In June 2017, GASB issued Statement No. 87, Leases. The objective of this Statement is to better meet the information needs of financial statement users by improving accounting and financial reporting for leases by governments. This Statement increases the usefulness of governments’ financial statements by requiring recognition of certain lease assets and liabilities for leases that previously were classified as operating leases and recognized as inflows of resources or outflows of resources based on the payment provisions of the contract. It establishes a single model for lease accounting based on the foundational principle that leases are financings of the right to use an underlying asset.
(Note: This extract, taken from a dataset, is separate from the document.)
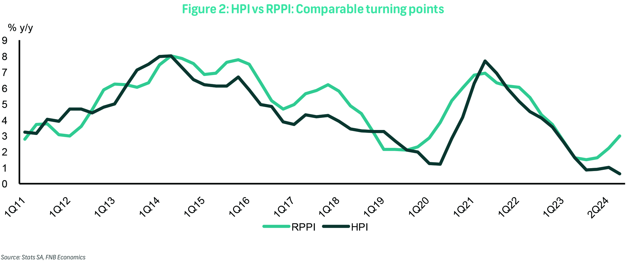 While both the RPPI and FNB HPI provide valuable insights into the domestic housing market, their distinct methodologies, data sources, and scopes offer different perspectives. Figures 1 and 2 show that while they may produce slightly different results, they generally align in terms of overall trends. That said, it is crucial to consider the nuances and limitations of each index when interpreting the data, to gain a more comprehensive understanding of the South African housing market.
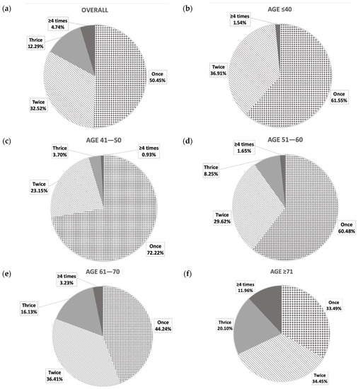 Distribution of nocturia episodes in: (a) the overall studied nocturia population, which was divided into different age groups at: (b) 18–40 years; (c) 41–50 years; (d) 51–60 years; (e) 61–70 years; and (f) ≥71 years.

Under this Statement, a lessee is required to recognize a lease liability and an intangible right-to-use lease asset, and a lessor is required to recognize a lease receivable and a deferred inflow of resources, thereby enhancing the relevance and consistency of information about governments’ leasing activities. OCTA implemented this statement for fiscal year ending June 30, 2022. See note 6 for further information on the impact of the adoption of GASB Statement No. 87.

GASB Statement No. 91

In May 2019, GASB issued Statement No. 91, Conduit Debt Obligations. The primary objectives of this Statement are to provide a single method of reporting conduit debt obligations by issuers and eliminate diversity in practice associated with (1) commitments extended by issuers, (2) arrangements associated with conduit debt obligations, and (3) related note disclosures. This Statement achieves those objectives by clarifying the existing definition of a conduit debt obligation; establishing that a conduit debt obligation is not a liability of the issuer; establishing standards for accounting and financial reporting of additional commitments and voluntary commitments extended by issuers and arrangements associated with conduit debt obligations; and improving required note disclosures. This Statement was effective for OCTA’s fiscal year ending June 30, 2022, but was postponed by one year per GASB Statement No. 95, Postponement of the Effective Dates of Certain Authoritative Guidance. OCTA has not determined the effect of this Statement.

GASB Statement No. 92

In January 2020, GASB issued Statement No. 92, Omnibus 2020. The primary objectives of this Statement are to enhance comparability in accounting and financial reporting and to improve the consistency of authoritative literature by addressing practice issues that have been identified during implementation and application of certain GASB Statements. Paragraphs 4, 5, 11 and 13 of this Statement are effective immediately. The remaining paragraphs of this Statement were effective for OCTA’s fiscal year ending June 30, 2021, but were postponed by one year per GASB Statement No. 95, Postponement of the Effective Dates of Certain Authoritative Guidance. The implementation of this Statement did not have a material effect on the financial statements.